There has been significant research undertaken at the CCG relating to modeling of the subsurface while considering the ever increasing volume and type of data available. Some of these areas are touched on below and either author can be directly contacted for further published references on a topic.

Research into Geostatistical Modeling for Reservoir Characterization and Subsurface Inference

A few selected research topics on recent advances on reservoir characterization and subsurface modeling at the CCG will be reviewed, grouped into the following three overlapping areas.

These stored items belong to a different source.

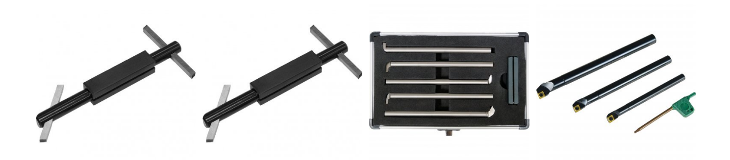
L430 Boring Bar Set - Carbide Insert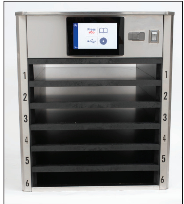
New UHCHD-T cabinet with touchscreen controllers. Tech training is available online.

• A service parts list will be provided as the population of the cabinet grows.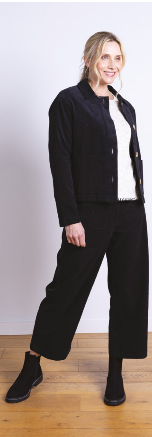
NR6030 / Cord Jacket 100% Cotton Chunky Cord Black / Sizes 8-20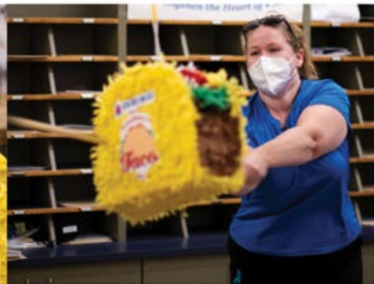
Pictured above: VNA's Home Health team celebrated the fantastic accomplishment of having back-to-back deficiency-free Home Health State Surveys (2018, 2022).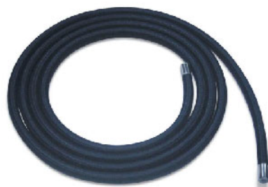
Silicone Hose For Electronic Ironing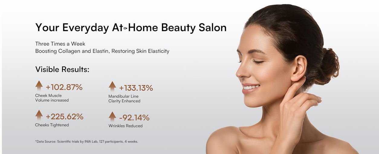
Image: A visual representation of the suggested weekly skincare routine.

Note: It is advised not to use LIFT and TIGHTEN modes on the same day to prevent dry skin.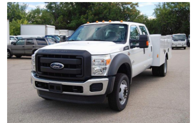
2011 FORD F-450 CREW CAB DIESEL/AUTO 16.5K GVWR W/9' UTILITY BODY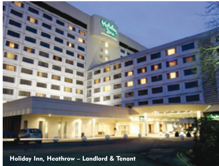
Holiday Inn, Heathrow – Landlord & Tenant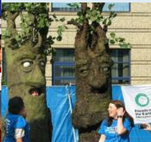
FoE forest campaigners at Bonn climate talks.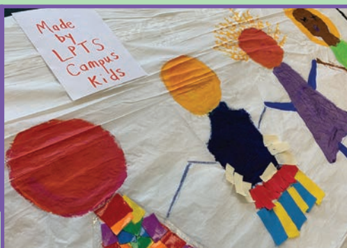
At least 23 campus friends voices were heard reading the words of a myriad of distinct African American writings.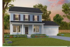
711 Pine Bark Lane Summerville SC

  1. Extracting Maximum Information from Big Data. Often our datasets are large, filled with many heterotopically sampled variables, some variables may be unrelated to properties of interest, some have unknown relationships to potential decisions to be made. Relevant information must be extracted from all available data and used to build geostatistical models.
  2. Model construction. There is no single model of the subsurface. A set of models that correctly represent uncertainty in the subsurface must be created. The generation of these models to incorporate all relevant information known about a reservoir has advanced in recent years. This involves the generation of new modeling techniques as well as improved inference of input parameters for these techniques.
  3. Making decisions based on multiple models created from available data is the goal. Uncertainty must be quantified in geostatistical models but the optimization of important reservoir management decisions is critical for improved stewardship of our natural resources. Extracting the maximum quantity of hydrocarbon at a minimal economic/social/environmental cost requires understanding of subsurface uncertainty management. Decisions such as the number of wells, well location, well management, solvents used, etc have a direct impact. Providing tools and guidance on how to make decisions based on multiple numerical geostatistical models is a goal of the CCG.
Fig. 1
Figure 1. Left, space of uncertainty A: consider a space of all possible models, for a sand/shale facies model with 1M cells there would be a total of 21,000,000 possible models. Space of uncertainty B: the number of potential models can be reduced to a subset of A by considering only those models that honor available well data. Space of uncertainty C: the number of potential models can be further reduced to subset C by considering only those models that match all available data such as well data, production data, well test data, geophysical data, geological interpretations of data etc. Generating n models/realizations that represent the space of uncertainty for a domain (subset C) is the goal of geostatistical modeling (right). Finally, based on the result of some transfer function applied to these models (i.e. flow simulation) the risk of making choice #1 or choice #2 (i.e. two different well configurations) can be evaluated (below right).

Domain Setting

The CCG conducts research specifically related to reservoir characterization for conventional and unconventional hydrocarbons. We have explored many different case studies for diverse geological settings and provided many tools for modeling specific problems related to subsurface inference because of the diversity in the companies that support CCG research; each modeling domain has its own unique challenges.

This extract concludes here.